The report highlights that Melbourne and Sydney will see the largest rental growth in 2019 with rents rising 10.1% and 8.6% respectively. Both are experiencing tight supply in their office markets due to the sustained strength of employment growth and relatively low levels of development completions in recent years. Prime rents have been rising rapidly in both markets, up by 13% in Sydney and 6% in Melbourne over the past year.
Across the global markets, uncertainty surrounding trade tensions and political events has led to a pause in the development pipeline, causing low vacancy rates and driving rental growth up. Over the next three years, global markets, generally short of high quality supply, will see further demand from both tech and co-working occupiers as new waves of the digital revolution maintain growth momentum for office demand in tech-orientated global cities.
William Beardmore-Gray, Head of Occupier Services and Commercial Agency, Knight Frank “Occupiers face two contradictory pressures in 2019. The geo-political threats, like BREXIT and the US/China trade war, make it difficult for firms to plan the future. However, business pressures to expand market share, recruit talent and enter new markets, are pushing them to address their property needs.

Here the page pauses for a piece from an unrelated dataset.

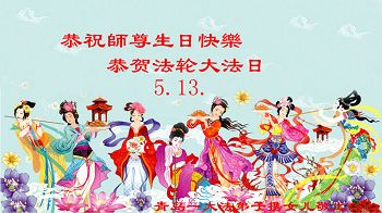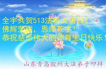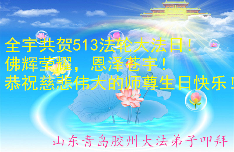 山东青岛市胶州市一家三名大法弟子恭祝慈悲伟大的师尊生日快乐!普天同庆513世界法轮大法日! 山东青岛李沧区一学法小组全体大法弟子恭祝师父生日快乐!

Limited supply of new offices, following years of under development, mean that many occupiers will feel compelled to enter the market in 2019, and acquire space before someone else takes their preferred option for a future headquarters building.”
Knight Frank’s 10 key opportunity areas for investors in 2019:
- European logistics: The sector is already very popular with the past two years seeing record investment volumes.
- Second tier office markets: The likes of Madrid and Warsaw, where occupier markets have been slower to hit the expansion phase offer a compelling investment and development opportunity.
- Global R&D hubs: Tight development pipelines mean that locations such as Boston, the San Francisco Bay Area, Amsterdam and London will deliver strong future rental growth.
- Senior Living: The biggest global demographic trend underpins this sector, which is still embryonic in most markets.
- Private Rental Sector/Multifamily: Where the US has led, the UK and Europe have followed with burgeoning pipelines of stock delivered in 2018.
- Flexible Offices: Office occupiers from all sectors and of all sizes are seeking product that better aligns real estate to their disrupted, fast moving operational reality.
- Healthcare: Western European countries including the UK, France, Germany, Spain, The Netherlands and the Nordics are expected to lead the way in terms of attracting capital into healthcare in 2019.
- Hotels: Hotel operators who can leverage technological innovation, and capitalise on data capture will deliver enhanced performance and returns.
- Retail: The rise of online has turned sentiment against retail and pricing has in many markets moved accordingly.
- True mixed-use: The retreat of retail from CBDs demands a radical approach to mixed-use and place-making opportunities.